2.4.3. Combined MTMs + GP

The caregiver received MTMs while each child received USD 50 in grocery prescription benefits (available for up to two children).

2.4.4. Delayed Control

Participants received standard care and were offered the intervention following completion of follow-up data collection.

2.5. Measures

Primary outcomes of interest include child and caregiver/adult BMI percentile, blood pressure, hemoglobin A1c, and lipid panels. The referral coordinator at UofL collected both the adult and child’s BMI and blood pressure from their electronic health record (EHR) via the Epic system. The child’s BMI percentile was automatically calculated in the EHR from height and weight using age- and gender-specific CDC growth charts [24]. The bloodwork was ordered as part of standard care in the clinic for the management of patients who have overweight or obese BMI percentiles.

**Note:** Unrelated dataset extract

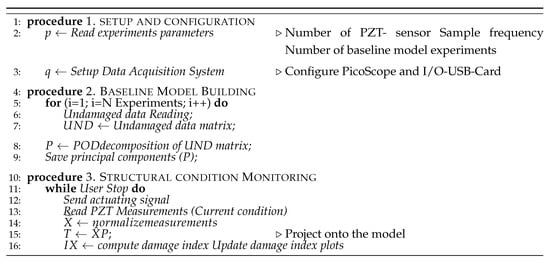 According to Figure 6, the embedded algorithm consists of three procedures: set up and configuration, baseline model building (training stage) and structural condition monitoring (monitoring stage), which are sequentially executed. Once the configuration parameters and drivers to manage data acquisition are established, the transformation matrix P of the statistical model is obtained via Proper Orthogonal Decomposition method (POD) [30]. POD require fewer computational resources over alternative methods such as SVD and NIPALS, maintaining a compromise among resources memory and time consumptioning [20]. Thus, POD method is implemented as processing tool for baseline model building since low memory and execution time are required.

The bloodwork ordered by physicians included hemoglobin A1c, total cholesterol, high-density lipoprotein (HDL), and low-density lipoprotein (LDL), and the tests were conducted by trained phlebotomists on-site at the clinic or at affiliated diagnostic centers.
Secondary outcomes of interest included parent self-reported child and parental dietary behavioral outcomes (child fruit and vegetable intake/parent fruit and vegetable intake), family stress model, nutrition security, and food security. Child and parent fruit and vegetable intake were measured using items adapted from the Behavioral Risk Factor Surveillance System (BRFSS) Fruit and Vegetables Section [25], which assesses frequency-based consumption of common foods. Family stress was assessed using validated measures including the Patient Health Questionnaire for Depression and Anxiety [26], a four-question screener used to detect the two disorders, and the Perceived Stress Scale [27], a precise measure of personal stress. Food security was measured using the 18-item US Household Food Security Survey Module (HFSSM) [28], a validated tool assessing household-level access to adequate food over the past 12 months, and the Health Vital Sign [23]—a two-question subset of the module. Nutrition security was defined by consistent access, availability, and affordability of foods that promote well-being and prevent or treat disease, evaluated through caregiver self-report on dietary quality and barriers to healthy eating.

2.6. Statistical Analysis

All study data—including participant screening, informed consent documentation, baseline and follow-up survey administration, and storage of clinical data—were collected and managed using REDCap [29]. Prior to analysis, the dataset was reviewed for accuracy and completeness. Data cleaning included checks for outliers and missing values. The analyses examined participant demographics, food and nutrition security status, dietary behaviors, and clinical risk profiles among both children and adults. In addition, preliminary correlations were explored between key exposures and baseline outcomes in order to better understand the context in which intervention effects will be assessed and generate hypotheses about potential mediators or moderators. For families with more than one child, only data from Child 1 was analyzed, since all families had at least one child.
Descriptive statistics were conducted to characterize the sample at baseline, including frequencies and proportions for categorical variables and means or medians with standard deviations for continuous variables, as appropriate. Nonparametric statistical tests were used due to non-normal distributions observed in several outcome variables. Spearman’s rank correlation coefficients were calculated to assess correlations between caregiver and child biomarkers. Kruskal–Wallis rank sum tests were used to examine differences in child outcomes across categories of caregiver-level socioeconomic and behavioral factors. All analyses were conducted using R, version 3.6.2 [30].

3. Results

3.1. Baseline Characteristics

Table 1 provides a description of the study sample. A total of 31 caregivers and 51 children were enrolled in the study. Among caregivers, the majority were female (80.4%) and identified as Black or African American (93.5%). Most caregivers reported annual household incomes under USD 10,000, with 58.1% of households earning less than USD 10,000 per year. When reporting on employment status, 35.5% of caregivers responded that they were employed for wages, and 19.4% reported that they were unable to work due to disability. In terms of education, 51% had completed some college or a vocational degree. The average household size was 3.77 individuals (SD = 1.20). A majority of caregivers (72%) reported utilizing Supplemental Nutrition Assistance Program (SNAP) benefits; 71% participated in Medicaid, and a majority reported experiencing financial strain sometimes or rarely (67.7%) in their daily lives. At baseline, the majority of households experienced food insecurity. At the household level, N = 19 household or 61.3% reported very low food security based on the USDA Food Security Scale [28]. When asked these questions at the individual level, N = 19 or 58.1% of caregivers reported that their own food security was very low. At the child level, 48.4% of caregivers reported having low food security for their child(ren) and 25.8% reported having very low food security for their child(ren). Only six households (19.4%) had children with a high level of food security.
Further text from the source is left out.